Cutoff profile of the Metropolis biased card shuffling

TL;DR

This paper proves the cutoff window and profile for the Metropolis biased card shuffling, showing it converges in a manner described by the GOE Tracy-Widom distribution, confirming a previous conjecture.

Contribution

It establishes the cutoff window size and profile for the Metropolis biased card shuffling, using a novel approach involving multi-species ASEP and Hecke algebra techniques.

Findings

Cutoff window is of order N^{1/3}.

Cutoff profile matches GOE Tracy-Widom distribution.

Generalizes TASEP finishing time results.

Abstract

We consider the Metropolis biased card shuffling (also called the multi-species ASEP on a finite interval or the random Metropolis scan). Its convergence to stationary was believed to exhibit a total-variation cutoff, and that was proved a few years ago by Labb\'e and Lacoin.
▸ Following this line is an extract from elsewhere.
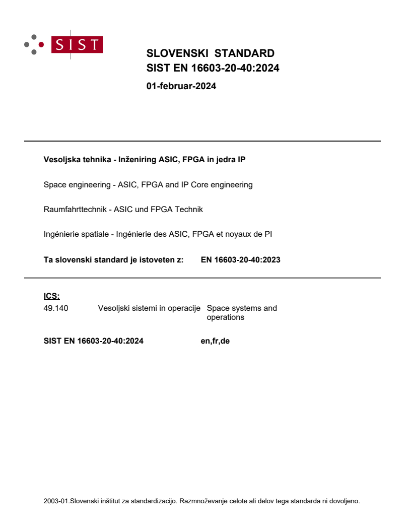 EN 16603-20-40:2023 is a standard published by the European Committee for Standardization (CEN). Its full title is "Space engineering - ASIC, FPGA and IP Core engineering". This standard covers: This activity w ill be the parallel development of EN 16603-20-40 and ECSS-E-ST-20-40C. The scope shall cover the areas of existing ASIC and FPGA engineering chapter 5 of ECSS-Q-ST-60-02C, but w ith w ider breadth and greater depth, covering engineering requirements of end-to-end development flow s, from specification of requirements to validation of prototypes, of the follow ing monolithic devices for its use in space: • ASICs (distinguishing digital, analogue and mixed-signal development flow s) • FPGAs (distinguishing three technology families: SRAM, FLASH and anti-fuse technologies) • ASIC and FPGA System-on-Chip embedding processor cores w hich have external “softw are programme” dependencies to be addressed during the SoC development, resulting in SW-HW co-design requirements.

In this paper, we prove that (for $N$ cards) the cutoff window is in the order of $N^{1/3}$, and the cutoff profile is given by the GOE Tracy-Widom distribution function. This confirms a conjecture by Bufetov and Nejjar. Our approach is different from Labb\'e-Lacoin, by comparing the card shuffling with the multi-species ASEP on $\mathbb{Z}$, and using Hecke algebra and recent ASEP shift-invariance and convergence results. Our result can also be viewed as a generalization of the Oriented Swap Process finishing time convergence of Bufetov-Gorin-Romik, which is the TASEP version (of our result).